Technical reference · May 2026
ZizkaDB
The operational database for AI agents. This document describes architecture, APIs, data semantics, and how ZizkaDB fits alongside vector databases, application databases, and tracing tools.
Overview
ZizkaDB stores agent events — decisions, tool calls, messages, and outcomes — with causal links, semantic search over history, reconstruction of logged state at a timestamp, and statistical behavioral baselines per agent.

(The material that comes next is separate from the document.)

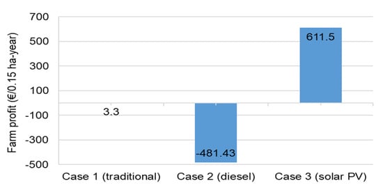 In this case, the benefits to the farmer will not change much in comparison to the results presented above in Section 4.4 because this does not lead to significant extra cost for irrigation electricity (only a very small fraction of the APV electricity goes for irrigation of 0.15 ha land considered).

| Layer | Role | Examples |
|---|---|---|
| Vector retrieval | Document / knowledge search by embedding | Pinecone, Qdrant, Weaviate |
| Application state | Transactional app data | Postgres, Redis |
| Agent operations | Decision history, lineage, drift | ZizkaDB |
| Traces & evals | Spans, experiments, framework hooks | LangSmith, OpenTelemetry |
Agent runtime ├── Vector DB → RAG / knowledge retrieval ├── Postgres / Redis → app state, caches, users ├── ZizkaDB → events, why(), at(), baseline, forget() └── OTel / LangSmith → distributed traces (optional)
Problem domain
Production agent systems typically need:
- Causal debugging — walk from a bad output to the event that triggered it
- State at time T — what was logged for an agent before a given timestamp
- Cross-session memory — under your API keys, retention policy, and erasure controls
- Behavior change detection — compare recent sessions to that agent's historical pattern
ZizkaDB targets these operational concerns. It does not replace embedding indexes for document RAG or distributed tracing for infrastructure spans.
Architecture
Managed (db.zizka.ai)
| Component | Technology | Notes |
|---|---|---|
| Dashboard | Next.js 14 | PM2 :3001, nginx TLS |
| API | FastAPI (Python) | Docker :8000 |
| Primary store | Postgres + pgvector | Events, tenants, metadata |
| Vector search | Qdrant | Semantic search index |
| Cache | Redis | Sessions / cache |
| Edge | nginx | / → dashboard, /v1/ → API, /swagger → OpenAPI |
Self-hosted
Docker Compose stack: Postgres (pgvector), Qdrant, Redis, API. Dashboard is optional (run from dashboard/). Requires OPENAI_API_KEY for embedding-backed features; logging and causal APIs work without it.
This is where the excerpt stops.